DATA BLOCK:
=== Section Start ===

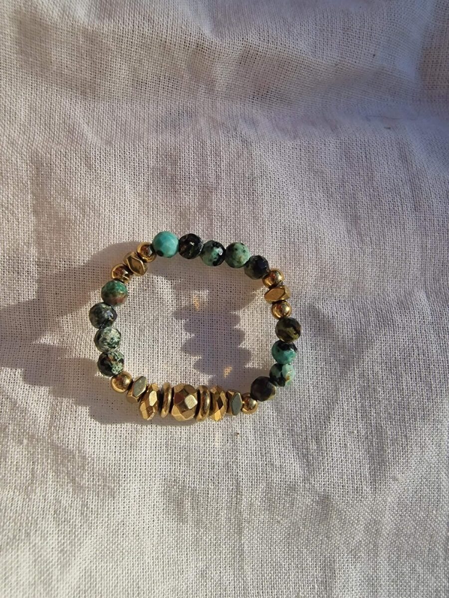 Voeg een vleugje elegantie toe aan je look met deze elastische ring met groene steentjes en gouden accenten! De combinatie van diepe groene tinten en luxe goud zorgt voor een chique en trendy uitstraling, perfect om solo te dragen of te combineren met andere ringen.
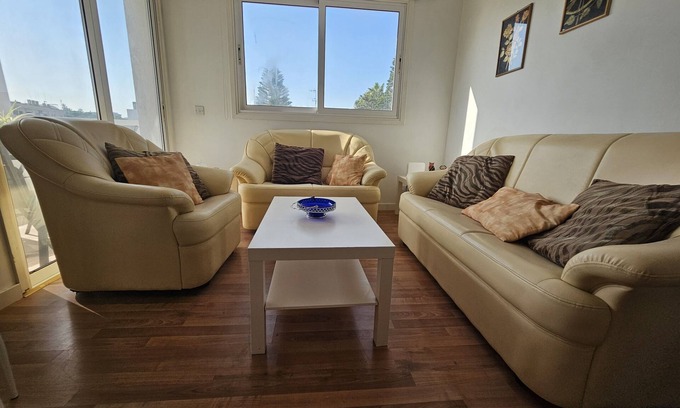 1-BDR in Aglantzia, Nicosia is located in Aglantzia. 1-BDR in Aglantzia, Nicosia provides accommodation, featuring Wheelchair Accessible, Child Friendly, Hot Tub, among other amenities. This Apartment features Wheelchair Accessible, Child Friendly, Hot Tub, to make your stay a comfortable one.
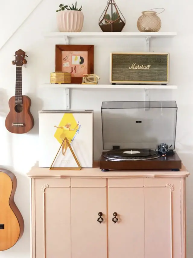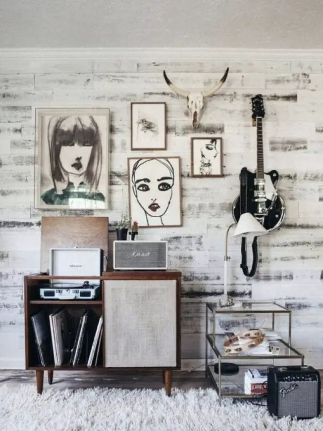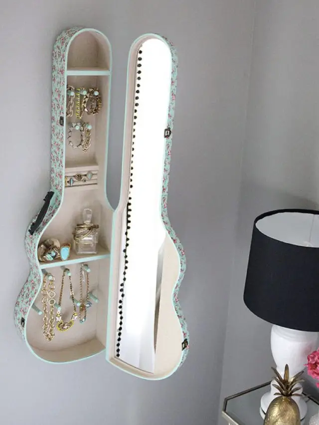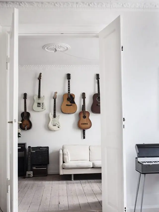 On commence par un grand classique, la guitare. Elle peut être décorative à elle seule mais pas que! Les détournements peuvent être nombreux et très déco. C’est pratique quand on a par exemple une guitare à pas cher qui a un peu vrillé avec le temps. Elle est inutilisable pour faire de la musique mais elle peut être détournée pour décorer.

=== Section End ===

WHAT IS EXPECTED: Please give back the data above word for word, with no pictures included.

SOLVED PROBLEM:
 Voeg een vleugje elegantie toe aan je look met deze elastische ring met groene steentjes en gouden accenten! De combinatie van diepe groene tinten en luxe goud zorgt voor een chique en trendy uitstraling, perfect om solo te dragen of te combineren met andere ringen.
 1-BDR in Aglantzia, Nicosia is located in Aglantzia. 1-BDR in Aglantzia, Nicosia provides accommodation, featuring Wheelchair Accessible, Child Friendly, Hot Tub, among other amenities. This Apartment features Wheelchair Accessible, Child Friendly, Hot Tub, to make your stay a comfortable one.
 On commence par un grand classique, la guitare. Elle peut être décorative à elle seule mais pas que! Les détournements peuvent être nombreux et très déco. C’est pratique quand on a par exemple une guitare à pas cher qui a un peu vrillé avec le temps. Elle est inutilisable pour faire de la musique mais elle peut être détournée pour décorer.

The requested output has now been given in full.